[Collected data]
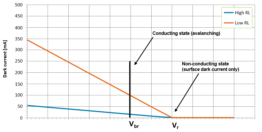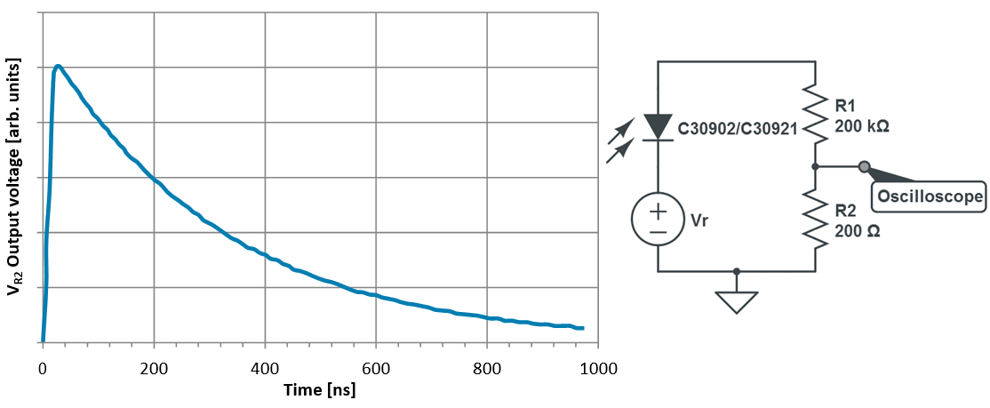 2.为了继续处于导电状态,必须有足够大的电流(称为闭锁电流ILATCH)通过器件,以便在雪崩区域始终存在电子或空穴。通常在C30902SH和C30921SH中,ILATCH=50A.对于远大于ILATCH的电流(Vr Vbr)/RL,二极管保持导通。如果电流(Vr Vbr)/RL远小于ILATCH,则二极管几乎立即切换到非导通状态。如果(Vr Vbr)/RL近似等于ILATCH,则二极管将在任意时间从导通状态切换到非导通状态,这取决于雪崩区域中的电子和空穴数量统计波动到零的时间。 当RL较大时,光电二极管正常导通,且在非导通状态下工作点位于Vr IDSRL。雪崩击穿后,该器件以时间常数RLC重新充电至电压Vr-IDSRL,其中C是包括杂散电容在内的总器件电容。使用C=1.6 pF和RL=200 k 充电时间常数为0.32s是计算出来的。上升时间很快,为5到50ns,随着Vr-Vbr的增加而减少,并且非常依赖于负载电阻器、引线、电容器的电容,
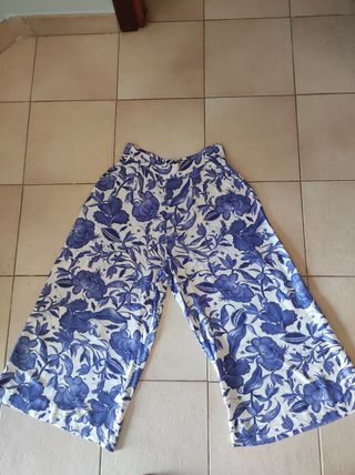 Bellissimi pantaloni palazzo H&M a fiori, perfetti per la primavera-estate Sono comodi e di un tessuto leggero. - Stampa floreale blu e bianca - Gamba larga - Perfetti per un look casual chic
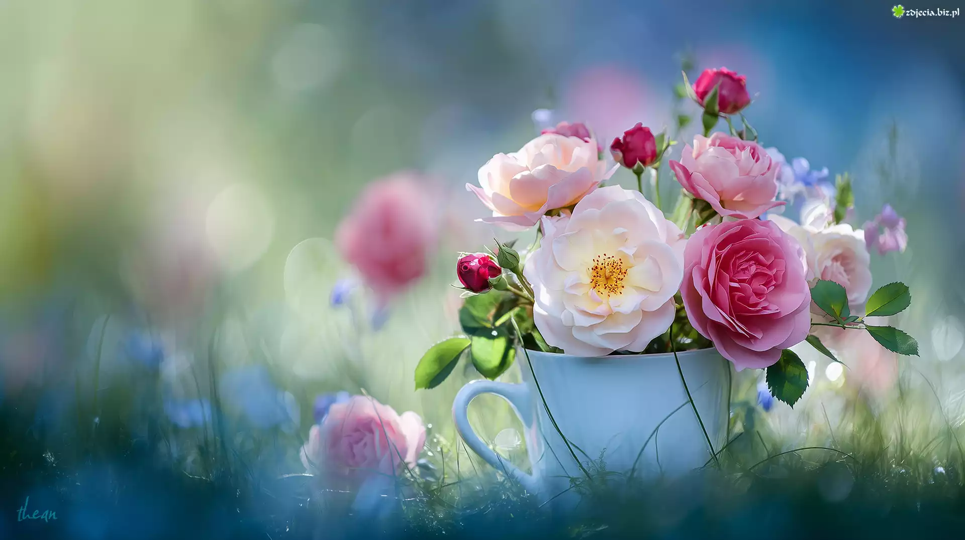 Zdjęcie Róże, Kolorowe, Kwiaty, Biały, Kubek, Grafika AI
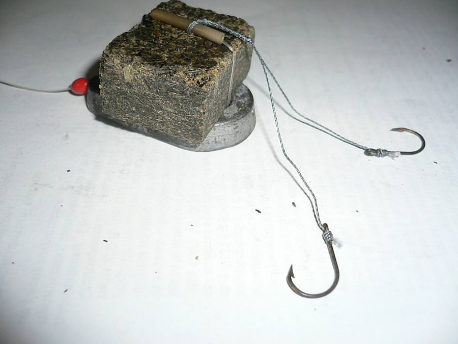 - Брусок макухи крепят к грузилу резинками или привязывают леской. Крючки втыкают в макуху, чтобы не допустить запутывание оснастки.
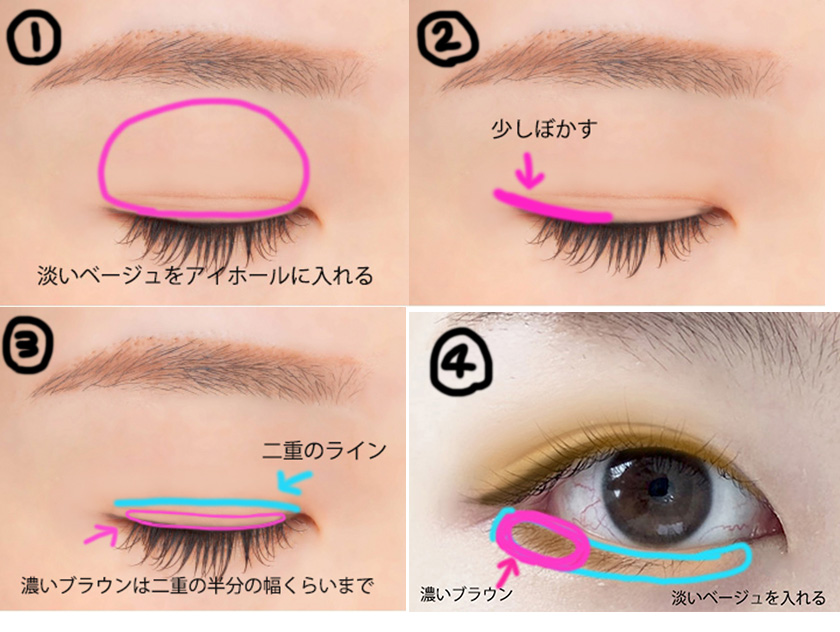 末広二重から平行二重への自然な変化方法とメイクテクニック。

• [Task details]: Return each line above word for word. Skip the pictures.

• [Response area]:
 2.为了继续处于导电状态,必须有足够大的电流(称为闭锁电流ILATCH)通过器件,以便在雪崩区域始终存在电子或空穴。通常在C30902SH和C30921SH中,ILATCH=50A.对于远大于ILATCH的电流(Vr Vbr)/RL,二极管保持导通。如果电流(Vr Vbr)/RL远小于ILATCH,则二极管几乎立即切换到非导通状态。如果(Vr Vbr)/RL近似等于ILATCH,则二极管将在任意时间从导通状态切换到非导通状态,这取决于雪崩区域中的电子和空穴数量统计波动到零的时间。 当RL较大时,光电二极管正常导通,且在非导通状态下工作点位于Vr IDSRL。雪崩击穿后,该器件以时间常数RLC重新充电至电压Vr-IDSRL,其中C是包括杂散电容在内的总器件电容。使用C=1.6 pF和RL=200 k 充电时间常数为0.32s是计算出来的。上升时间很快,为5到50ns,随着Vr-Vbr的增加而减少,并且非常依赖于负载电阻器、引线、电容器的电容,
 Bellissimi pantaloni palazzo H&M a fiori, perfetti per la primavera-estate Sono comodi e di un tessuto leggero. - Stampa floreale blu e bianca - Gamba larga - Perfetti per un look casual chic
 Zdjęcie Róże, Kolorowe, Kwiaty, Biały, Kubek, Grafika AI
 - Брусок макухи крепят к грузилу резинками или привязывают леской. Крючки втыкают в макуху, чтобы не допустить запутывание оснастки.
 末広二重から平行二重への自然な変化方法とメイクテクニック。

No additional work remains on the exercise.